R/lm_b.R

Defines functions lm_b

Documented in lm_b

#' Bayesian Linear Models
#' 
#' lm_b is used to fit linear models.  It can be used to carry out 
#' regression, single stratum analysis of variance and analysis of 
#' covariance (although aov_b may provide a more convenient 
#' interface for ANOVA.)
#' 
#' @param formula A formula specifying the model.
#' @param data A data frame in which the variables specified in the formula 
#' will be found. If missing, the variables are searched for in the standard way.  

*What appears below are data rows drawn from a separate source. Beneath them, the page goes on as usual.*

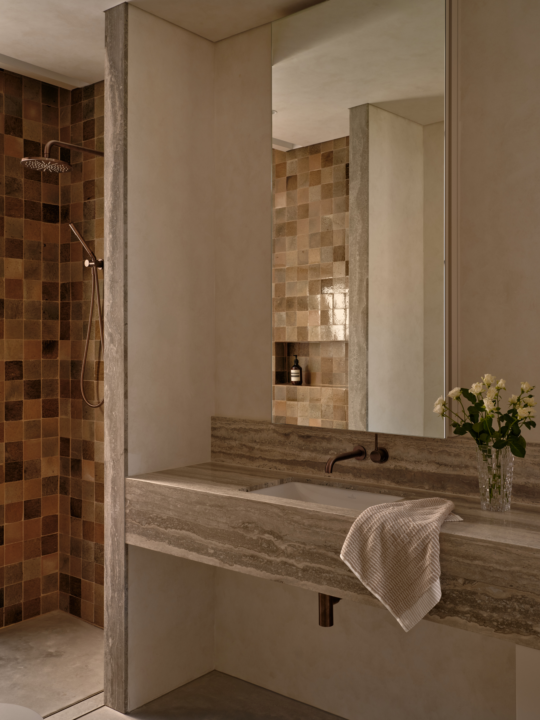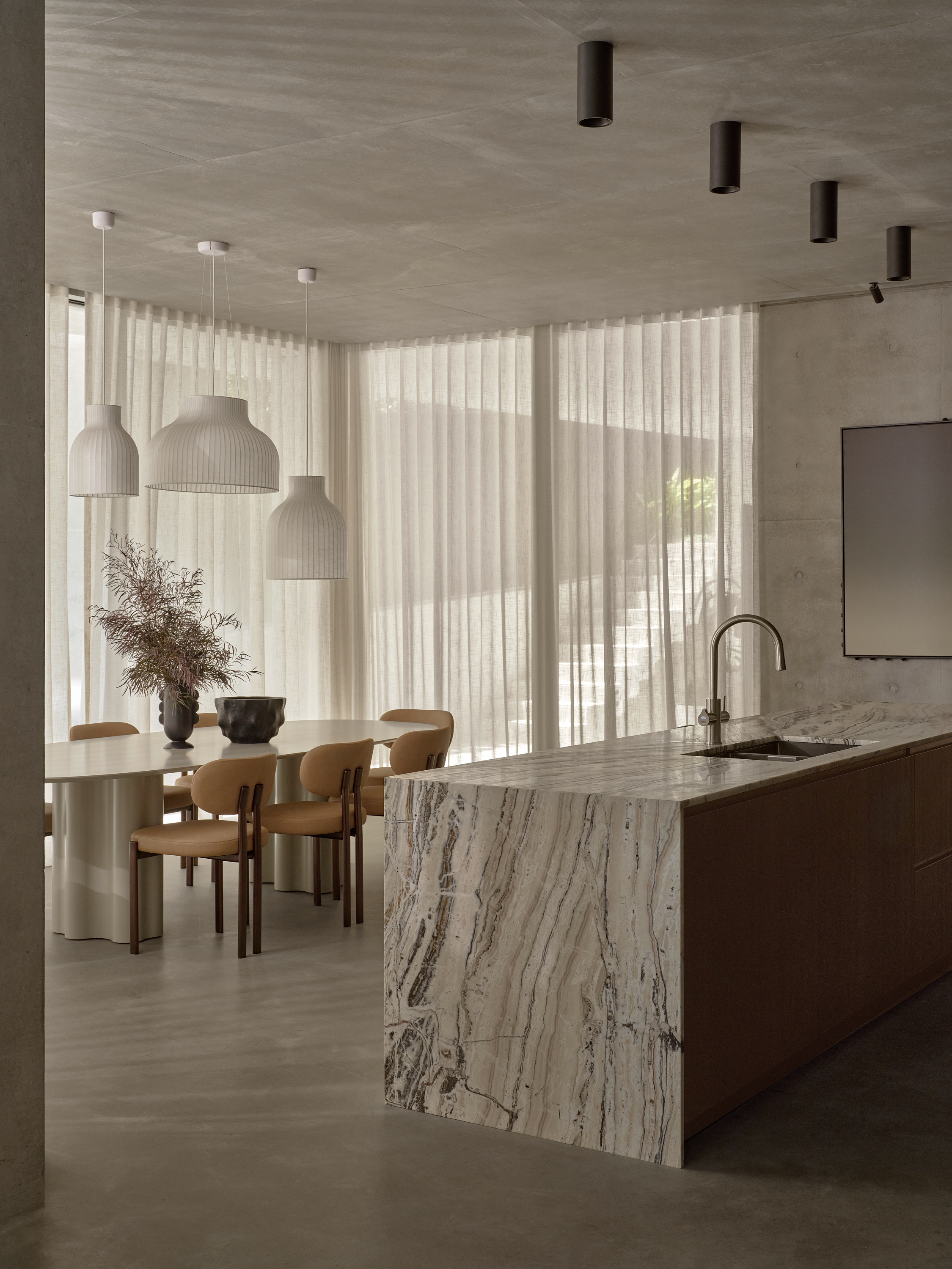 Sliding timber screens filter sun and heat throughout the day, while insulation and double glazing support a steady internal climate. Inside, raw surfaces meet warm timbers, tactile stone, and restrained colour, creating spaces that feel grounded and intimate.
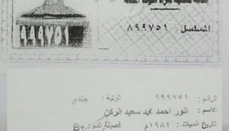 2. المرحوم كان عسكري في اللواء (115) بقيادة العميد / عبدالولي الجابري وتم تسليحه من قبل اللواء سلاح آلي خلال الاحداث وارساله إلى جبهة الشقب ، غير انه انسحب من الجبهة وقام ببيع السلاح الذي بعهدته (مرفق صورة بطاقته العسكرية ) .
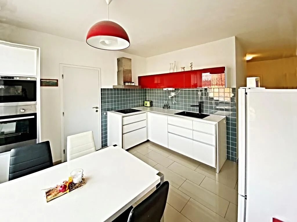 Kuchyně disponuje elektrickou troubou, varnou deskou, digestoří a lednicí. V kuchyni je i jídelní stůl s židlemi.
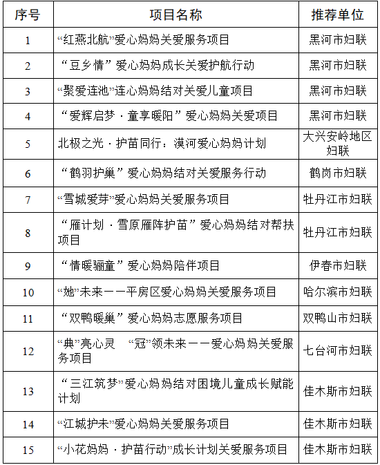 第二批省级爱心妈妈志愿服务项目拟立项名单公示

#' However, it is strongly recommended that you use this argument so that other 
#' generics for bayesics objects work correctly.

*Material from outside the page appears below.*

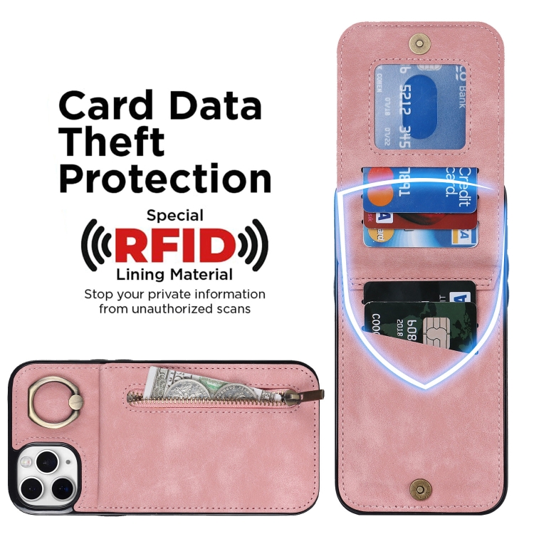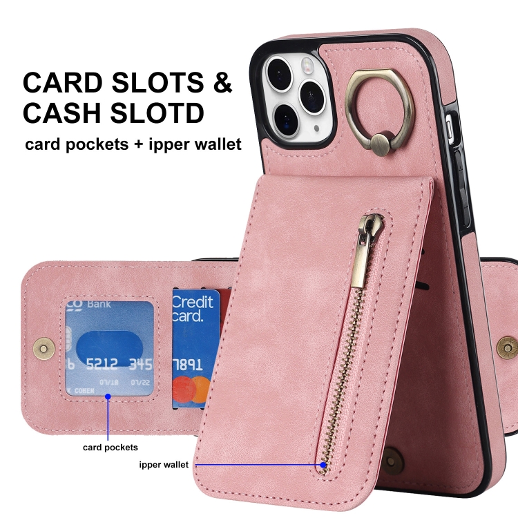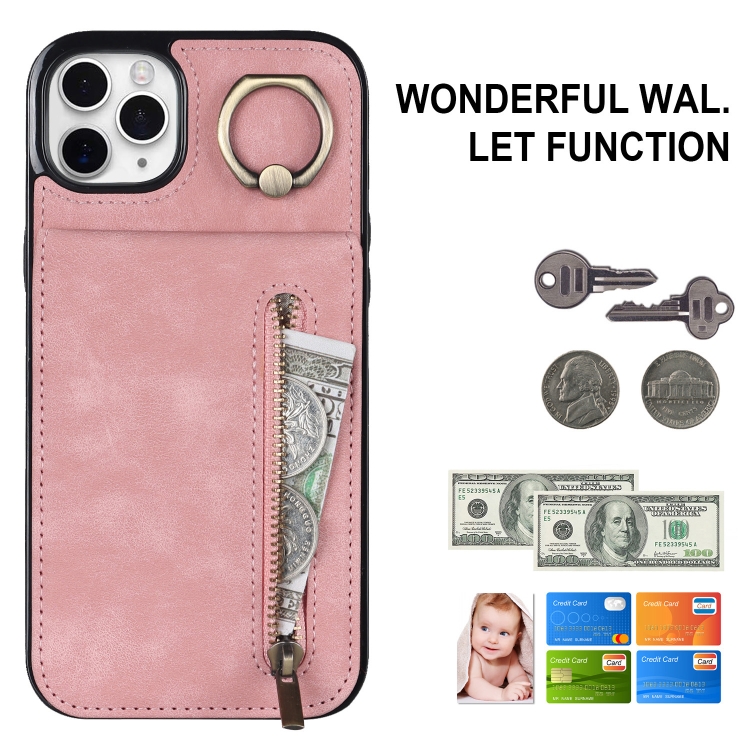 Funda para iPhone 11 Pro Max Retro Ring y Zipper Rfid Card Slot (Rosa)
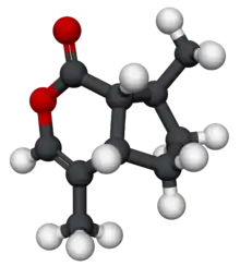 Nepetalactone is a name for multiple iridoid analog stereoisomers. Nepetalactones are produced by Nepeta cataria (catnip) and a many other plants belonging to the genus Nepeta, in which they protect these plants from herbivorous insects by functioning as insect repellents. They are also produced by many aphids, in which they are sex pheromones.[1] Nepetalactones are cat attractants, and cause the behavioral effects that catnip induces in domestic cats. However, they affect visibly only about 2/3 of adult cats. They produce similar behavioral effects in many other Felidae, especially in lions and jaguars.[2] McElvain and colleagues were the first to extract and name nepetalactones, which they did in 1941.[3][4]

#' @param weights an optional vector of weights to be used in the fitting process. 
#' Should be NULL or a numeric vector. If non-NULL, it is assumed that the 
#' variance of \eqn{y_i} can be written as \eqn{Var(y_i) = \sigma^2/w_i}. While the 
#' estimands remain the same, the estimation is done by performing unweighted 
#' lm_b on \eqn{W^{\frac{1}{2}}y} and \eqn{W^{\frac{1}{2}}X}, where \eqn{W} is the 
#' diagonal matrix of weights.  Note that this then affects the zellner prior.
#' @param prior character.  One of "zellner", "conjugate", or "improper", giving 
#' the type of prior used on the regression coefficients.
#' @param zellner_g numeric.  Positive number giving the value of "g" in Zellner's
#' g prior.  Ignored unless prior = "zellner".
#' @param prior_beta_mean numeric vector of same length as regression coefficients 
#' (denoted p). Unless otherwise specified, automatically set to rep(0,p).  Ignored 
#' unless prior = "conjugate".
#' @param prior_beta_precision pxp matrix giving a priori precision matrix to be 
#' scaled by the residual precision.
#' @param prior_var_shape numeric. Twice the shape parameter for the inverse gamma prior on
#' the residual variance(s).  I.e., \eqn{\sigma^2\sim IG}(prior_var_shape/2,prior_var_rate/2).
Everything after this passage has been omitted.